Essential Living Blog
Sunday, July 21, 2019, 8:10 PM. This date is seared in my mind. That was my first step in taking ownership of my life and deciding to put myself first. On that date, I boarded Air France flight DL8672 for my first solo trip to Paris. I was 51 years old. Going to Paris was on my bucket list since I took my first French class in the 8th grade at McMillan Junior High in Omaha, Nebraska. But that was just the beginning…
I’ve been searching for myself for a long time. I thought it began when I got divorced in 2001, but now I’ve come to believe; I’ve been searching for who I am since the beginning. I grew up like most of us; at first, what was a single-parent home with my biological mother. My sister and I then lived with my father and stepmother when I was 10. There, we were thrown into a pre-made family and felt like outsiders. I was 1 of 8 children. We were a collective instead of individuals – “the Kids .”I was not Janice. Also, it was known, especially in black families, that kids were seen and not heard. Further showing the fact that we had no vice. We were never encouraged to think and reason, only to follow directions.
This was the beginning of my getting lost. I didn’t have an identity. I didn’t know what I liked, what I wanted, or how I felt. I only knew how to follow instructions.

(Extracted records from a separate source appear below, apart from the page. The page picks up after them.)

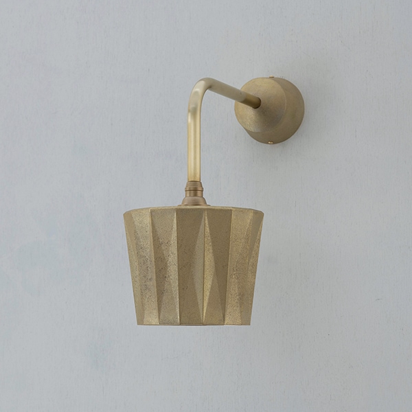 真鍮鋳物のL 字ブラケットに、FUTAGAMI ペンダントシリーズのシェード(円錐・半球など)を自由に組み合わせられる壁付けランプです。屋内外を同一意匠で統一できることから、住宅はもちろん、ホテルやレストランでも幅広く採用いただけます。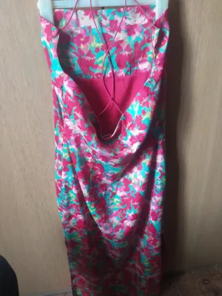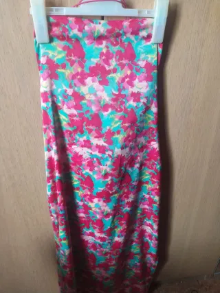 Vestido de la marca Pimkie con un bonito estampado floral. - Diseño con flores en tonos fucsia y turquesa. - Corte recto y largo. - Tejido ligero y fluido. - Con forro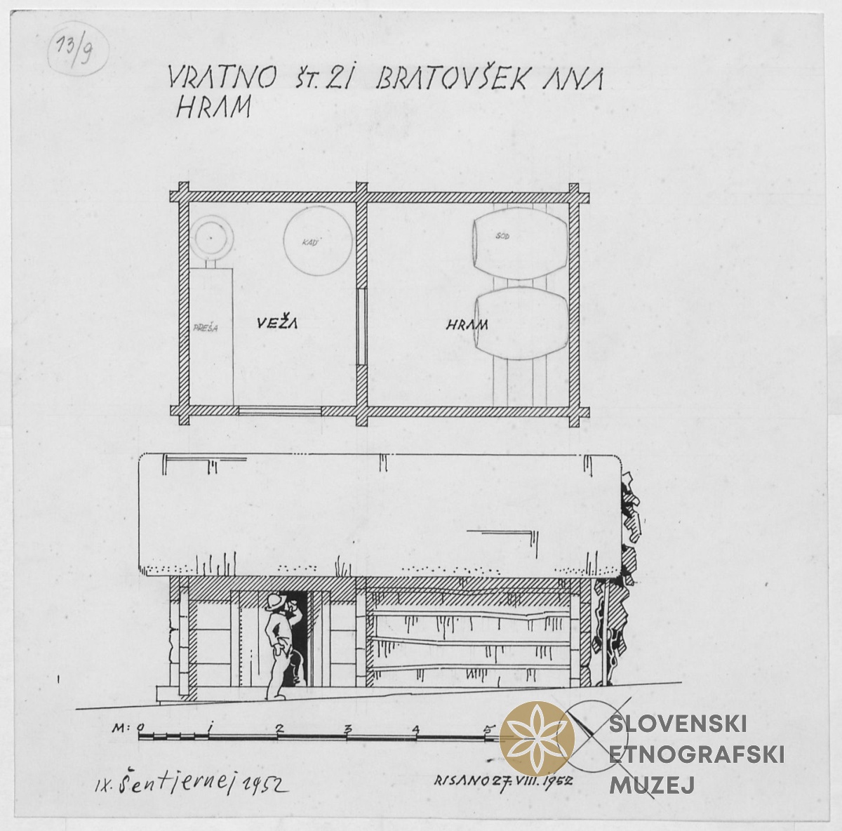 Hram - tloris, fasada. Lastnica Ana Bratovšek, Vratno 21.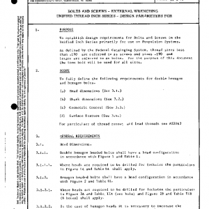BOLTS AND SCREWS – EXTERNAL WRENCHING UNIFIED THREAD INCH SERIES – DESIGN PARAMETERS FOR
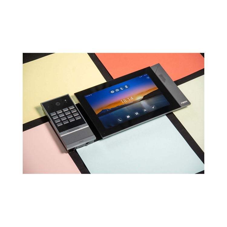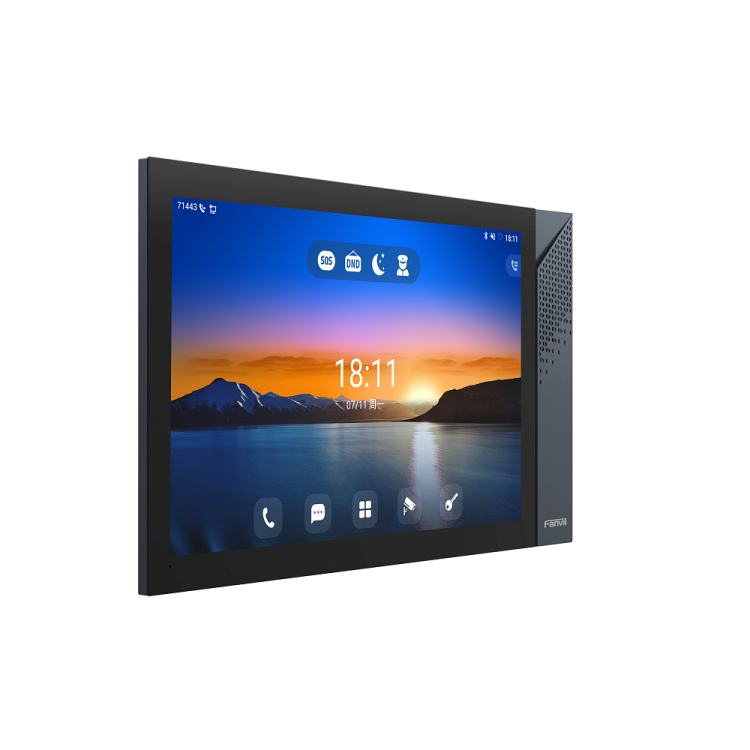 Fanvil i57A - внутренняя SIP-станция от Fanvil на ОС Android для ответа на аудио/видео-вызов с SIP-домофонов Fanvil и открытия двери одним нажатием; с поддержкой WiFi и большим сенсорным экраном 10,1 дюйма. Также из веб-интерфейса панели можно найти камеры, находящиеся в той же сети, и нажатием одной кнопки отображать на дисплее картинку с камеры.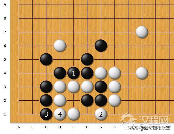 图四:假如白2抵抗,黑3紧气,白棋不入气,反被黑棋吃掉。

In my house, you went to college, got a job, got married, had kids, and then retired.
There was no room for a creative like me. There was no room for an empath like me. As a result, I was lost and had no anchor.I also didn’t know how to make decisions for myself. Everything was decided for me, so when I got out on my own, I didn’t know the first thing I liked, from the clothes I wore to the food I ate. Moreover, I had no voice if we expressed an opinion; my father would shoot it down or criticize us until we believed what he believed. Thus stifling my reasoning skills.
It’s an awful existence when you don’t know who you are, how to think for yourself, and what you stand for. So I decided that I am going to stand in my truth and be totally vulnerable and share with you this journey that I’m on.
I have to admit, I’m so lost on this journey. I had a breakdown. I was working 12-hour days, thinking my job would guide and esteem me. Only to find out that as a black woman in corporate America, you are the mutt of the bunch. I was ridiculed for being unprepared and reviewing notes in my computer system while presenting at a claims review. Now, who in their right mind would ridicule someone who uses their organized letters and computer to present 48 claims. At that point, I knew that I would never be accepted there and every job that I got in corporate would treat me this way. Ask me how I know, I’ve been in corporate since the age of 24, and I have always prided myself on being efficient, educated, and hard-working. But that only advances you if you are white. If you are black, that proves you are possibly an exception to your race and are now on a hit list. That list is to watch you so you won’t take anyone else’s job.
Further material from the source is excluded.